Introduction

Four to eight percent of intensive care unit (ICU) patients receive renal replacement therapy (RRT) for acute kidney injury (AKI) [14]. The outcome of these severely ill patients remains poor with reported 90-day mortality rates varying between 45 and 74% [2, 59]. The optimal timing of RRT initiation is unclear, although some studies suggest that early initiation might be beneficial [10, 11]. The importance of fluid balance as a timing parameter has been highlighted [12, 13]. An association of a greater degree of fluid accumulation at RRT initiation with higher mortality has been well documented in pediatric ICU patients [14, 15]. Among adults, more positive mean daily fluid balance during ICU stay [16] or after RRT initiation [17] has been associated with increased mortality. Higher degree of fluid accumulation based on data on fluid balance from three days preceding nephrologist consultation [18] and on weight gain at RRT initiation in a retrospective cohort [19] has been associated with increased risk for death.
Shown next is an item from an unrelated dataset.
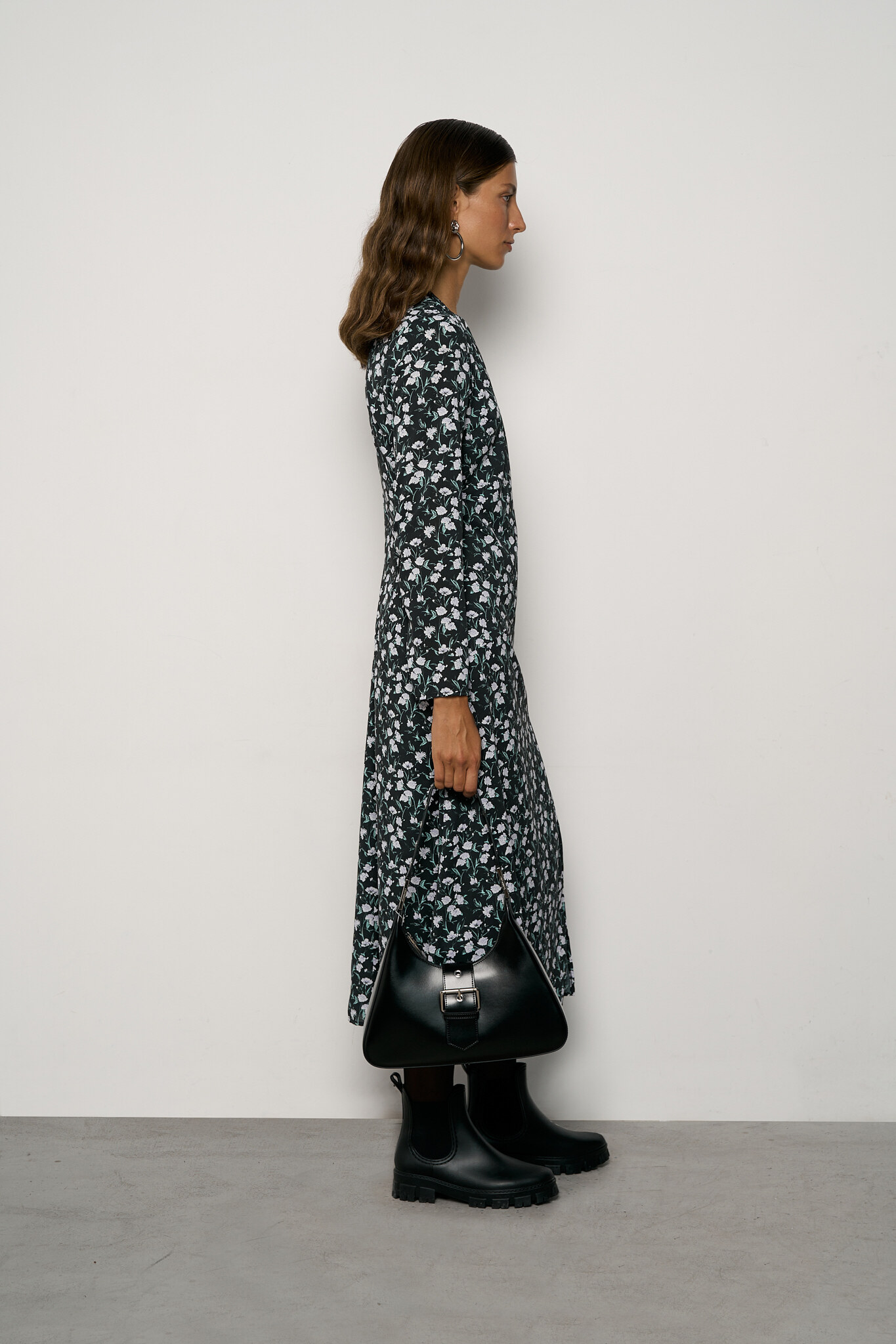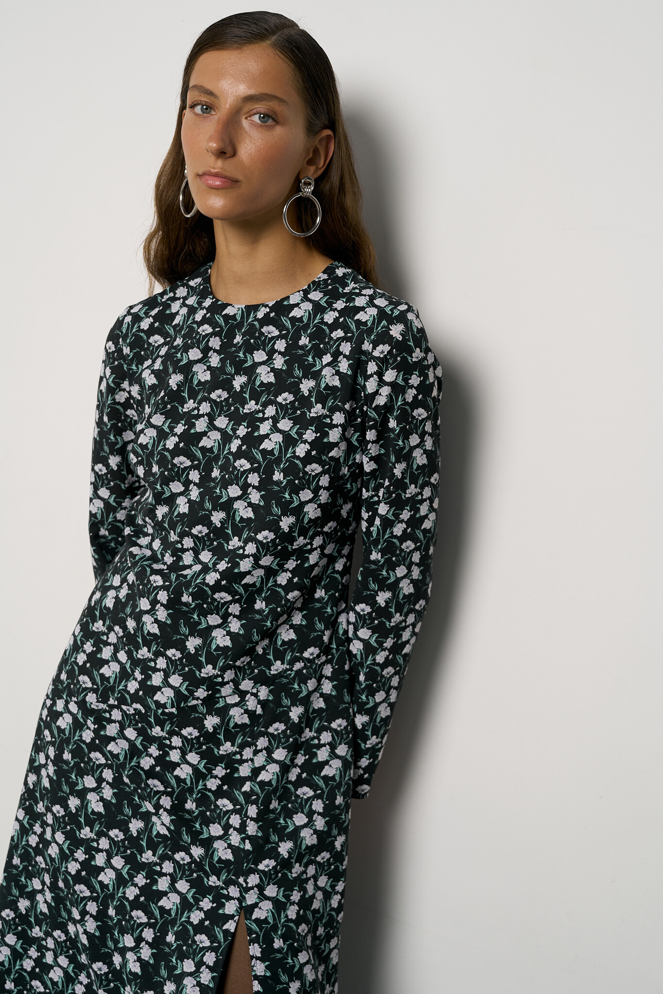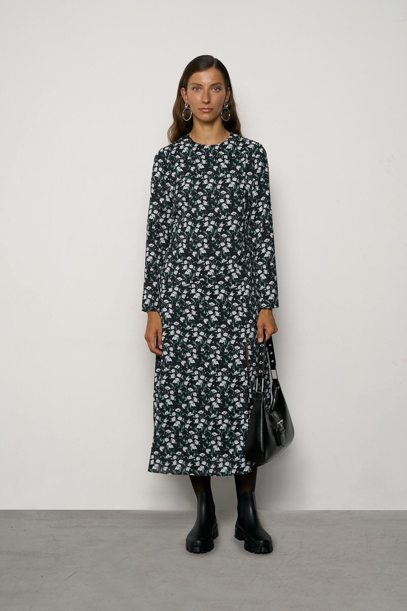 Удлиненное платье с круглым вырезом и небольшим разрезом сбоку. Это платье выполнено из полиэстера и имеет подкладку из хлопка. Оно отлично подойдет для любого случая благодаря своему лаконичному дизайну и теплоизоляционным свойствам. Платье сочетает в себе комфорт, качество и уникальный стиль. Приобрести это платье можно уже сейчас!
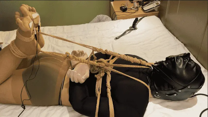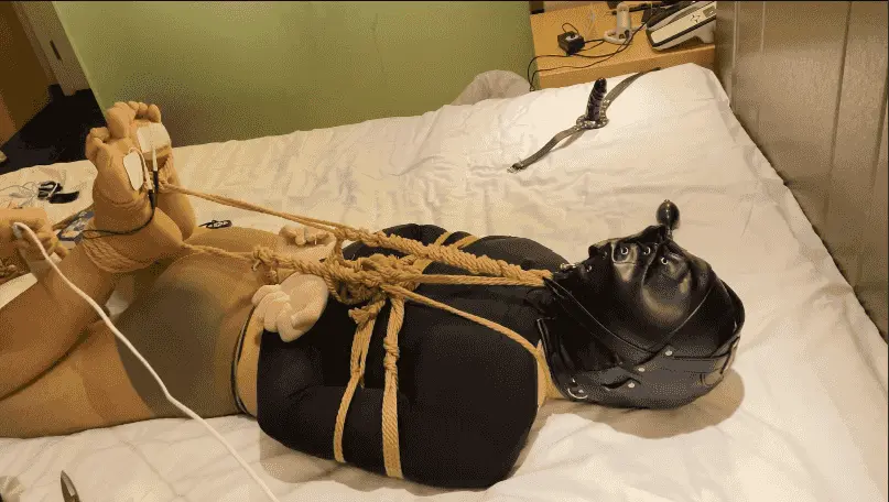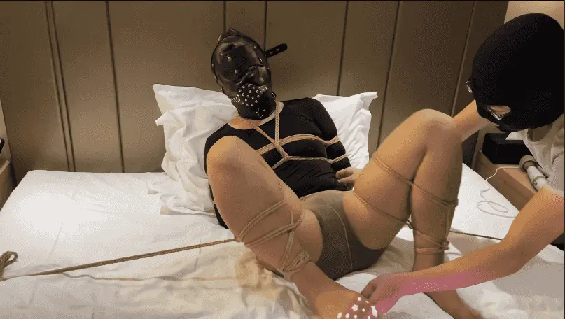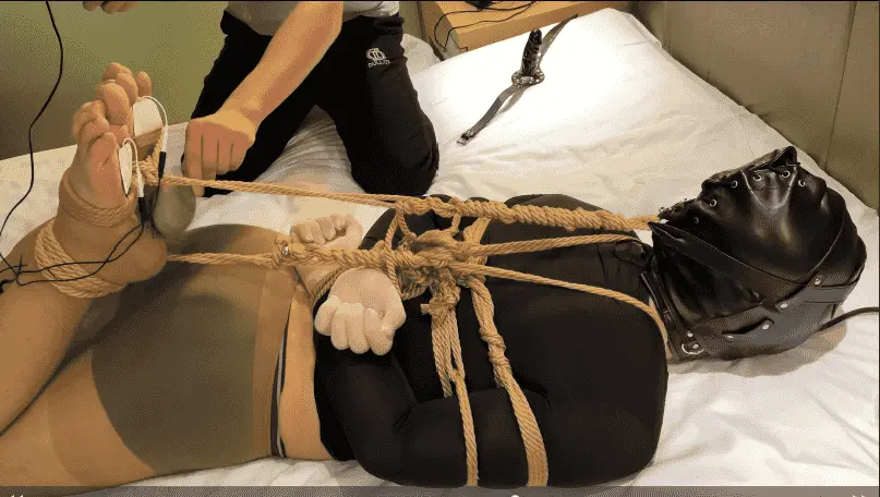 小M想体验绳子与挠痒 日式捆绑上半身 M字开腿固定下半身 无法反抗的被挠脚底 然后换驷马捆绑 两脚完全暴露出来 丝袜被撕开 贴上两个电击贴片 电击和挠痒双刺激 充气口塞塞满口腔 让他叫也叫不出来

No studies presenting cumulative fluid balance from ICU admission to RRT initiation exist. Therefore, we aimed to evaluate the association of factors at RRT initiation and especially cumulative fluid accumulation with 90-day mortality in critically ill adults.

Materials and methods

Patients

We performed a prospective, observational cohort study, the FINNAKI study, from 1 September 2011 to 1 February 2012, in 17 Finnish ICUs. The referral areas of these ICUs cover 85% of the Finnish adult population. The Ethics Committee of the Department of Surgery, Hospital District of Helsinki and Uusimaa approved the study protocol and the use of deferred consent with a signed, informed consent from the patient or a proxy obtained as soon as possible. The Finnish National Institute of Health approved the collection of data from medical records of deceased patients if an informed consent could not be obtained.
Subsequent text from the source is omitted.